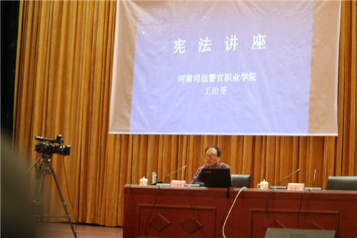 會上,省司法警官職業(yè)學(xué)院法律系主任王治荃、法學(xué)碩士孫啟河兩位教授分別從憲法的時代背景、基本內(nèi)涵、精神實質(zhì)和重要意義及依法行政的基本含義、本質(zhì)和全面推進依法行政的奮斗目標等做了精彩輔導(dǎo)。
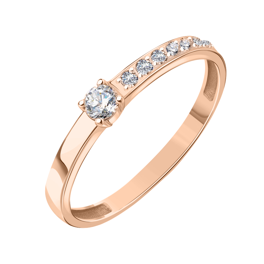 Attraktiver Damenring aus 585er russischem Rotgold, mit Einsätzen aus 8 Zirkonia, Breite ≈ 3 mm
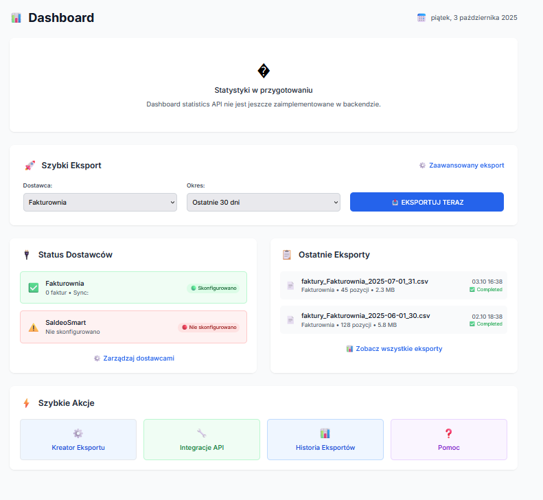 A PoC of a lightweight ASP.NET application designed to simplify invoice data management, created for a controlling company. It connects with Fakturownia.pl via API, allowing users to securely store their API keys, log in, and export invoice data to CSV files. With customizable export settings – including format, headers, and date ranges – the app adapts to your workflow. Built as a Proof of Concept, the solution is ready for future expansion, including integrations with platforms like SaldeoSmart and potential connections to data visualization tools for deeper business insights.
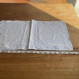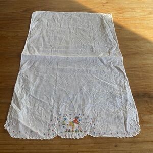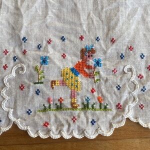 This one is small 11”x 19” with tiny crossstich embroidery of a girl picking flowers. Recently hand washed and laid flat to dry. I was too nervous to iron for fear of wrecking it. In beautiful shape for its vintage age.
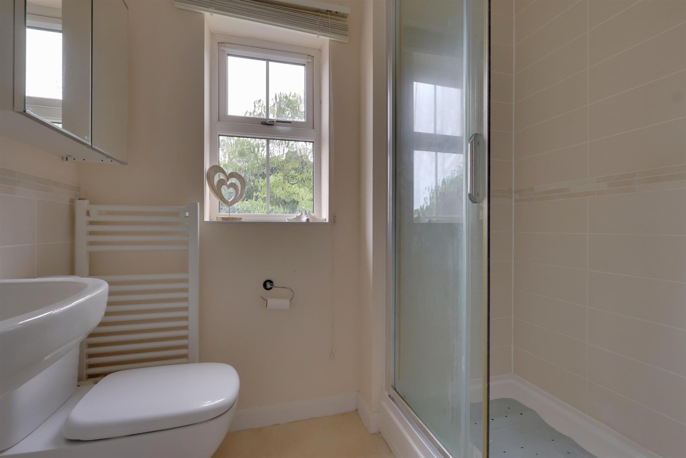 Comprises a shower cubicle, low-level WC, pedestal wash hand basin, part-tiled walls, and an obscured double-glazed window to the front.
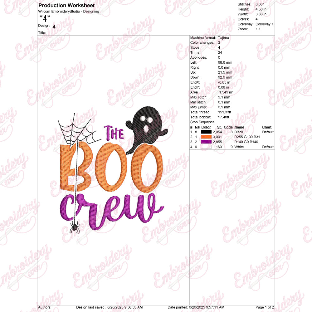 Let your creativity shine with this delightful The Boo Crew embroidery design!
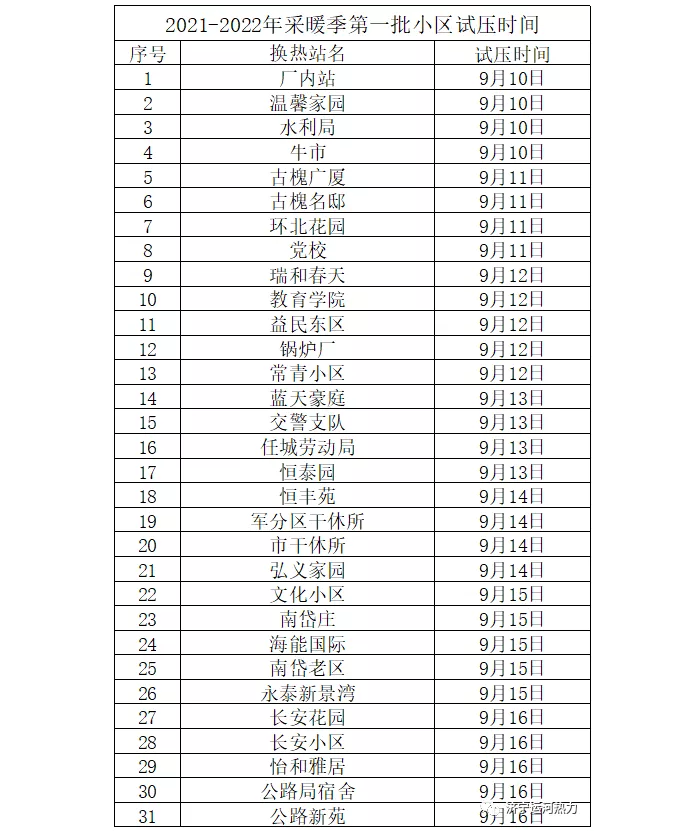 濟寧運河熱力有限公司 2021-2022年采暖季第 一批小區(qū)試壓通知
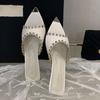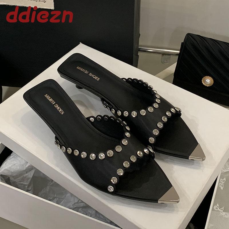Fashion Fashion Luxury Rhinestones Women Low Heel Slippers Sandals Shoes Female Pointed Toe Footwear Ladies Heeled Slippers Slides Shoes
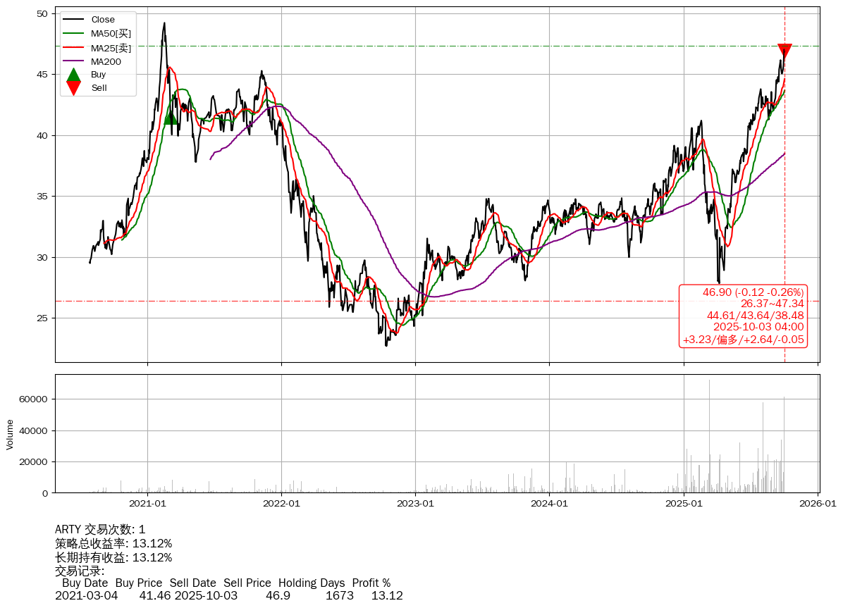 | 71 | ★ARTY | +13.12% | +13.12% | -0.00% | 1 | +3.23/偏多/+2.64/-0.05 | 2020-07-27~2025-10-03 |
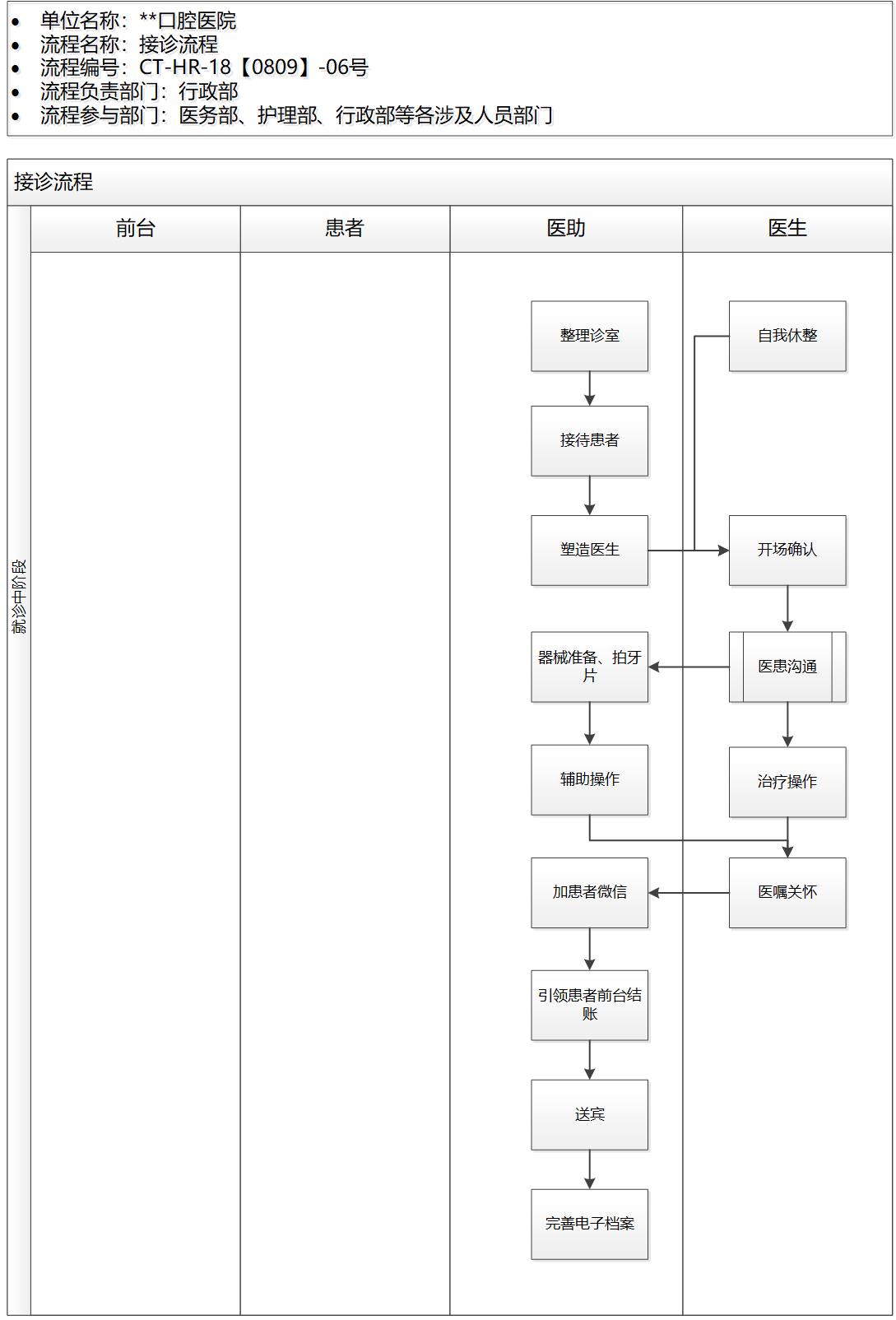 患者在见到医生之前,经过前台的一番塑造,对医生充满了期待,希望医生是专业认真、精神饱满的。医助在整理诊室的同时医生进行片刻的自我休整,把每个患者的接待过程都当作是一次全新的开始,医生每天不断地接待患者,每接待一个患者都要从上一个患者的治疗和沟通中走出来,医生可以走出诊室进行身体活动调整状态,整理仪容仪表,有个小小的重新进入诊室的仪式感。
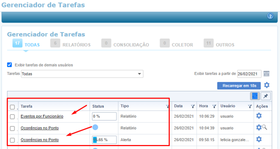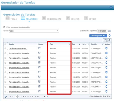 Foi alterado no gerenciador de tarefas o tipo para as tarefas geradas pelo Alerta, desta forma as demais tarefas de relatório tem prioridade no processamento. Segue abaixo exemplo da melhoria:
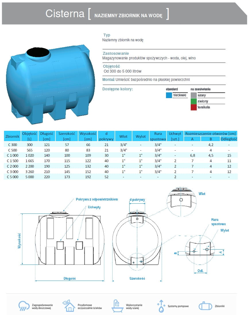 Zbiornik na wodę pitną i deszczową typu CISTERNA (Cysterna) przeznaczony jest do zbierania, magazynowania oraz wykorzystywania wody pitnej jak i deszczowej. Zbiornik na wodę z tego typu jest zbiornikiem o specjalnych cechach. W produkcji zbiornika stosowano technologię formowania rotacyjnego dzięki czemu zbiornik jest zbiornikiem bezszwowym - co sprawia, że tego typu zbiornik jest bardzo mocny i niesamowicie wytrzymały. Zbiornik może być wykorzystany do gromadzenia wody pitnej ale i deszczowej, efektywne wykorzystanie zasobów wody deszczowej w naszych gospodarstwach domowych, czy firmach skutkuje pozytywnym obniżenie kosztów związanych m.in. ze zużyciem wody pitnej.
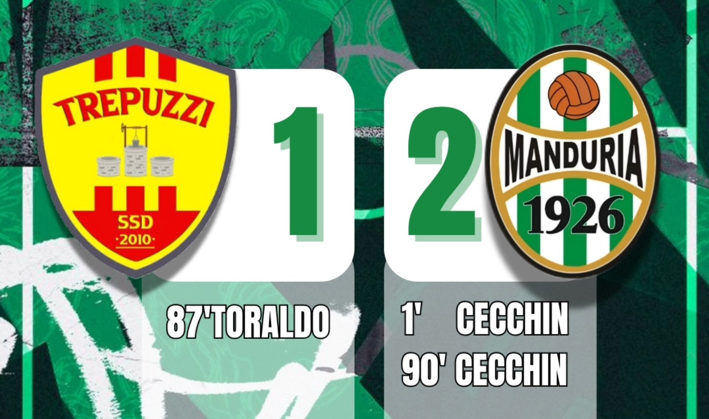 Ma la festa trepuzzina dura poco, in quanto il Manduria si riporta in vantaggio al 90’ con una prodezza di Cecchin che realizza la sua doppietta personale.
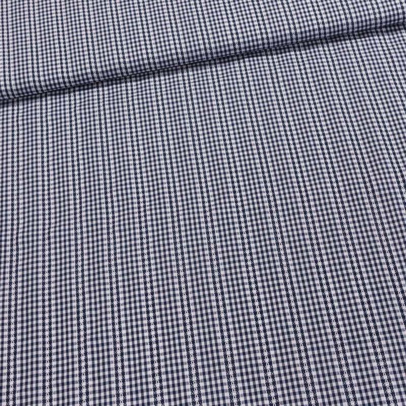 Bavlněná látka košilovina se vzorem tmavě modrých kostiček s vyšívaným vzorkem. Látka je vhodná na výrobu letních lehkých šatů, sukní, halenek, košilí. Látka je v šířce 145 cm, vyrobena ze 100% bavlny (120 g/m2). Látka má vzor z obou stran stejný.

§ §

TASK DESCRIPTION: The entries are to be reproduced exactly, excluding any pictures they contain.

RESPONSE TO THIS EXERCISE:
 會上,省司法警官職業(yè)學(xué)院法律系主任王治荃、法學(xué)碩士孫啟河兩位教授分別從憲法的時代背景、基本內(nèi)涵、精神實質(zhì)和重要意義及依法行政的基本含義、本質(zhì)和全面推進依法行政的奮斗目標等做了精彩輔導(dǎo)。
 Attraktiver Damenring aus 585er russischem Rotgold, mit Einsätzen aus 8 Zirkonia, Breite ≈ 3 mm
 A PoC of a lightweight ASP.NET application designed to simplify invoice data management, created for a controlling company. It connects with Fakturownia.pl via API, allowing users to securely store their API keys, log in, and export invoice data to CSV files. With customizable export settings – including format, headers, and date ranges – the app adapts to your workflow. Built as a Proof of Concept, the solution is ready for future expansion, including integrations with platforms like SaldeoSmart and potential connections to data visualization tools for deeper business insights.
 This one is small 11”x 19” with tiny crossstich embroidery of a girl picking flowers. Recently hand washed and laid flat to dry. I was too nervous to iron for fear of wrecking it. In beautiful shape for its vintage age.
 Comprises a shower cubicle, low-level WC, pedestal wash hand basin, part-tiled walls, and an obscured double-glazed window to the front.
 Let your creativity shine with this delightful The Boo Crew embroidery design!
 濟寧運河熱力有限公司 2021-2022年采暖季第 一批小區(qū)試壓通知
Fashion Fashion Luxury Rhinestones Women Low Heel Slippers Sandals Shoes Female Pointed Toe Footwear Ladies Heeled Slippers Slides Shoes
 | 71 | ★ARTY | +13.12% | +13.12% | -0.00% | 1 | +3.23/偏多/+2.64/-0.05 | 2020-07-27~2025-10-03 |
 患者在见到医生之前,经过前台的一番塑造,对医生充满了期待,希望医生是专业认真、精神饱满的。医助在整理诊室的同时医生进行片刻的自我休整,把每个患者的接待过程都当作是一次全新的开始,医生每天不断地接待患者,每接待一个患者都要从上一个患者的治疗和沟通中走出来,医生可以走出诊室进行身体活动调整状态,整理仪容仪表,有个小小的重新进入诊室的仪式感。
 Foi alterado no gerenciador de tarefas o tipo para as tarefas geradas pelo Alerta, desta forma as demais tarefas de relatório tem prioridade no processamento. Segue abaixo exemplo da melhoria:
 Zbiornik na wodę pitną i deszczową typu CISTERNA (Cysterna) przeznaczony jest do zbierania, magazynowania oraz wykorzystywania wody pitnej jak i deszczowej. Zbiornik na wodę z tego typu jest zbiornikiem o specjalnych cechach. W produkcji zbiornika stosowano technologię formowania rotacyjnego dzięki czemu zbiornik jest zbiornikiem bezszwowym - co sprawia, że tego typu zbiornik jest bardzo mocny i niesamowicie wytrzymały. Zbiornik może być wykorzystany do gromadzenia wody pitnej ale i deszczowej, efektywne wykorzystanie zasobów wody deszczowej w naszych gospodarstwach domowych, czy firmach skutkuje pozytywnym obniżenie kosztów związanych m.in. ze zużyciem wody pitnej.
 Ma la festa trepuzzina dura poco, in quanto il Manduria si riporta in vantaggio al 90’ con una prodezza di Cecchin che realizza la sua doppietta personale.
 Bavlněná látka košilovina se vzorem tmavě modrých kostiček s vyšívaným vzorkem. Látka je vhodná na výrobu letních lehkých šatů, sukní, halenek, košilí. Látka je v šířce 145 cm, vyrobena ze 100% bavlny (120 g/m2). Látka má vzor z obou stran stejný.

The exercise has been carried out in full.